=== Required work ===
Return the run of lines below that opens with the line containing "Página Diário Oficial" and closes with the line containing "店内のテーブルやカウンター、", keeping each one exact.

=== Source data ===
Segment Open

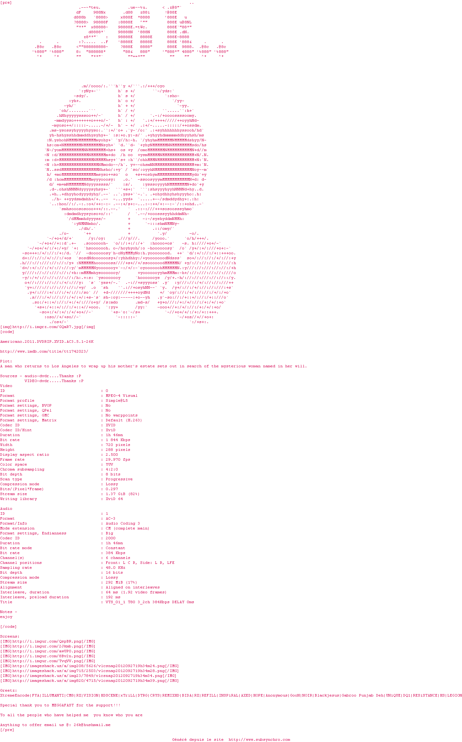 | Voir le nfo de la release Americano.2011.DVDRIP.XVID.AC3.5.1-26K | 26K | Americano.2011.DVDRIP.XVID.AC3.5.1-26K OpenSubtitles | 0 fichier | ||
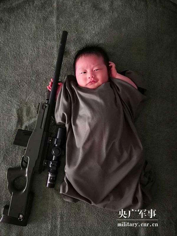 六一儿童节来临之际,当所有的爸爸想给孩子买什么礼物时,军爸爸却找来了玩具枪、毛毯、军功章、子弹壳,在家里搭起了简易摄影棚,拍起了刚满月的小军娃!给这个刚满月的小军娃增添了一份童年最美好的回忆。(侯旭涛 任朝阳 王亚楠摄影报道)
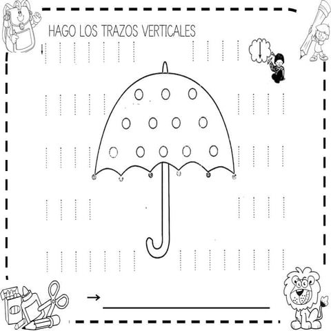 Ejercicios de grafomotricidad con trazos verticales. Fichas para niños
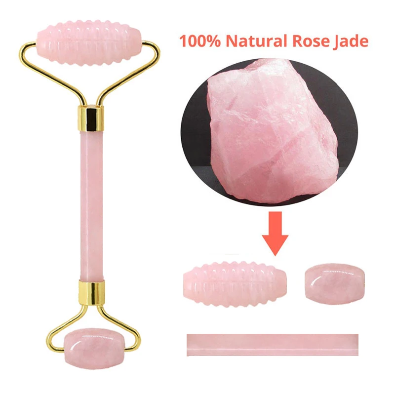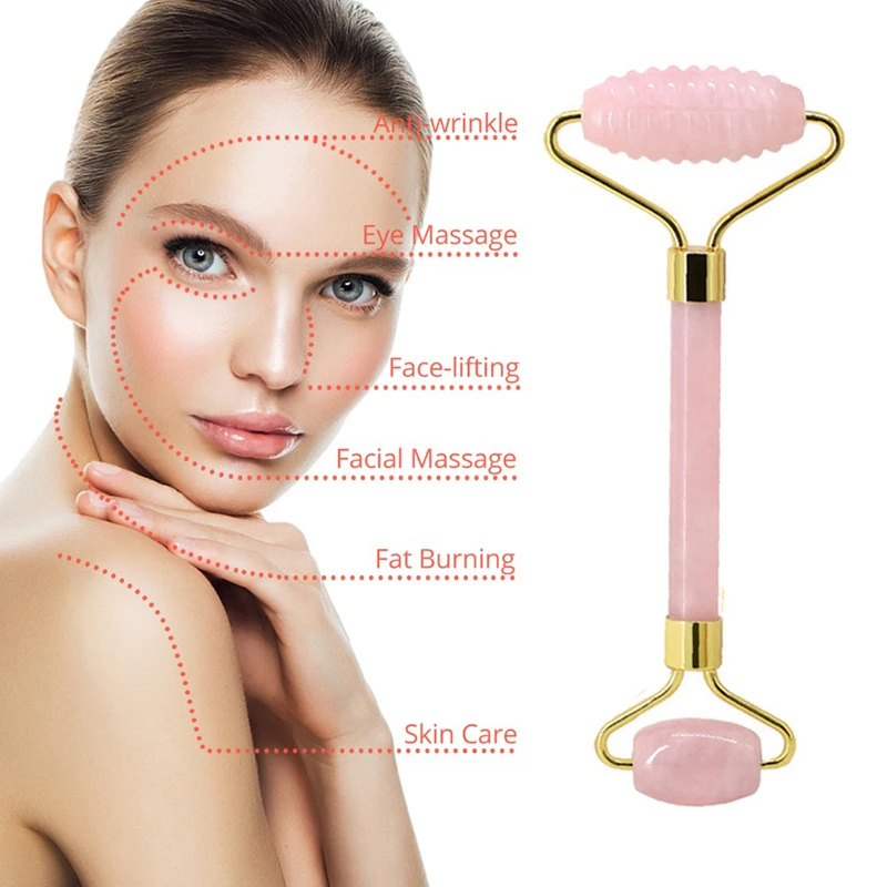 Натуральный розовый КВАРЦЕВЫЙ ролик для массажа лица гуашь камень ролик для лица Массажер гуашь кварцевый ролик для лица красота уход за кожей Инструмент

Segment Closed
Segment Open

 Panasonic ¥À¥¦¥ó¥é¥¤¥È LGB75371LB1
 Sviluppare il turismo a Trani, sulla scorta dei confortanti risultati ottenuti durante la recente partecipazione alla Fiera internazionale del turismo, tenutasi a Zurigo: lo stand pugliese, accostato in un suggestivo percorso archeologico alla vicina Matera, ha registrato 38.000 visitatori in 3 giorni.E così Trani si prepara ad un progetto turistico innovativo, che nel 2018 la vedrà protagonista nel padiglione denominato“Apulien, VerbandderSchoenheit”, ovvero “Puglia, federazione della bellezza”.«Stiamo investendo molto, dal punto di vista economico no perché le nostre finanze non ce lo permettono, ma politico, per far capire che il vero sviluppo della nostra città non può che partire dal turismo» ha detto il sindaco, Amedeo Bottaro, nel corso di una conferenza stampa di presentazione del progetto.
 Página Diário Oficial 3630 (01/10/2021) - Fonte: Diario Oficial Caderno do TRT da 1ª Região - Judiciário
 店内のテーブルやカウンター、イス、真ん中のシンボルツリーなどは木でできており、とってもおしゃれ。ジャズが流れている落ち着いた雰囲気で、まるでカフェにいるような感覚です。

Segment Closed
Segment Open

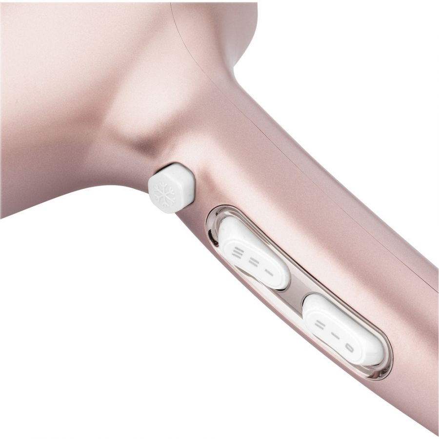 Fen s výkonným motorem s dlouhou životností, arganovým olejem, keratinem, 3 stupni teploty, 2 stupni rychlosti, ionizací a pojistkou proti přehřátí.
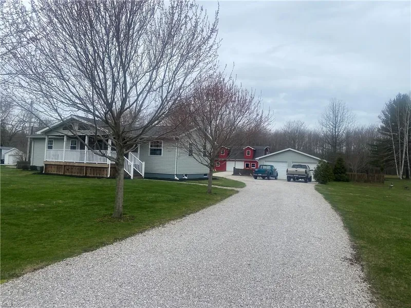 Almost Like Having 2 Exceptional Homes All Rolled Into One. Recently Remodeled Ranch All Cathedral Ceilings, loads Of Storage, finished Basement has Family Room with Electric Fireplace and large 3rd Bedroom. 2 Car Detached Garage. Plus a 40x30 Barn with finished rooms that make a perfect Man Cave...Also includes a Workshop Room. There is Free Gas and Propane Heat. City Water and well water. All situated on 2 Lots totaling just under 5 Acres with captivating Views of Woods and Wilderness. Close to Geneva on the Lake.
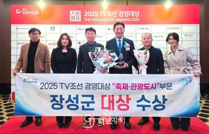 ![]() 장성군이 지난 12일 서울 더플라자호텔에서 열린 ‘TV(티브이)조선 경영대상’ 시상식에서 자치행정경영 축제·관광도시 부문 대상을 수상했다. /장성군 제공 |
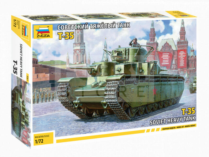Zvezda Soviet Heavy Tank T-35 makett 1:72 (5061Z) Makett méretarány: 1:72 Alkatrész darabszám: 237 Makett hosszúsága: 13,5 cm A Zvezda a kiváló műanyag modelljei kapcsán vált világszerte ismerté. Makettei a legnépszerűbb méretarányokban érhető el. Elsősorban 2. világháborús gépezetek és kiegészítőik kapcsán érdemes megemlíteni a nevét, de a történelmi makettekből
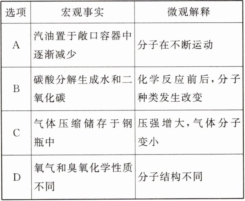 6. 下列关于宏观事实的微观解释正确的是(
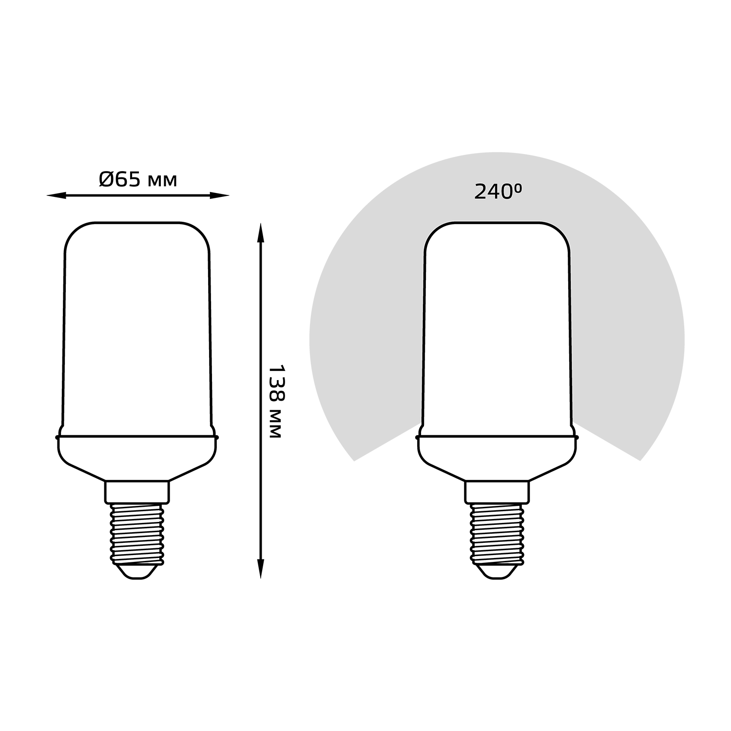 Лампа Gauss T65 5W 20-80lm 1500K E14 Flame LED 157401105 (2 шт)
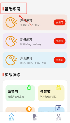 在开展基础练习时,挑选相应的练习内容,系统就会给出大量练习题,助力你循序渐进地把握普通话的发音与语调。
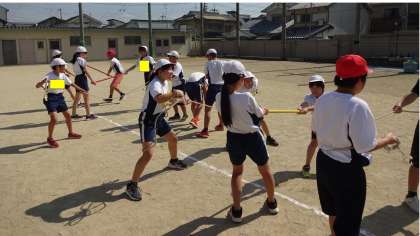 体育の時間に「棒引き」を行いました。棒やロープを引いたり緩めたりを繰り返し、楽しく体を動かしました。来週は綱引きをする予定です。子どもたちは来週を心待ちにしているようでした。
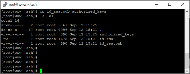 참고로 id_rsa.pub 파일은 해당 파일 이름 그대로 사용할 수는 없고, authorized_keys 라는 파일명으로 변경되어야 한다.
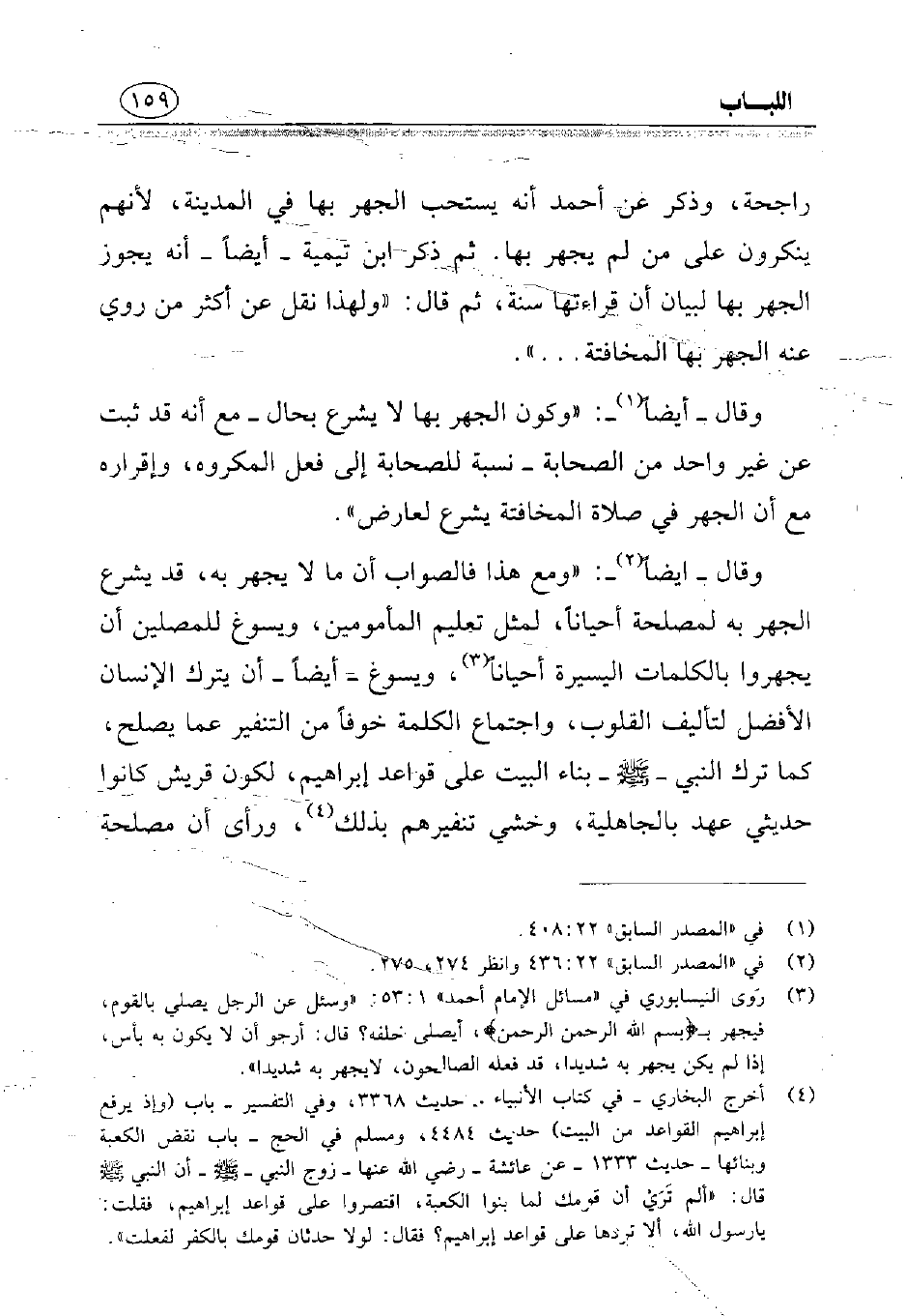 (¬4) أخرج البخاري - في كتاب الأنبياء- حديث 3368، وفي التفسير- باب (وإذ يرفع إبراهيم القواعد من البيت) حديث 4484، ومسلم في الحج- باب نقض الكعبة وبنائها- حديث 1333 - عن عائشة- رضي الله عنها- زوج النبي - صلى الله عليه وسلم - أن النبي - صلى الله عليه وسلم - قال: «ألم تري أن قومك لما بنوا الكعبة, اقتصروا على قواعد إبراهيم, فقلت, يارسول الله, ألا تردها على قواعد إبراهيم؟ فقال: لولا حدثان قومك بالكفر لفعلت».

Segment Closed

=== Result ===
 Página Diário Oficial 3630 (01/10/2021) - Fonte: Diario Oficial Caderno do TRT da 1ª Região - Judiciário
 店内のテーブルやカウンター、イス、真ん中のシンボルツリーなどは木でできており、とってもおしゃれ。ジャズが流れている落ち着いた雰囲気で、まるでカフェにいるような感覚です。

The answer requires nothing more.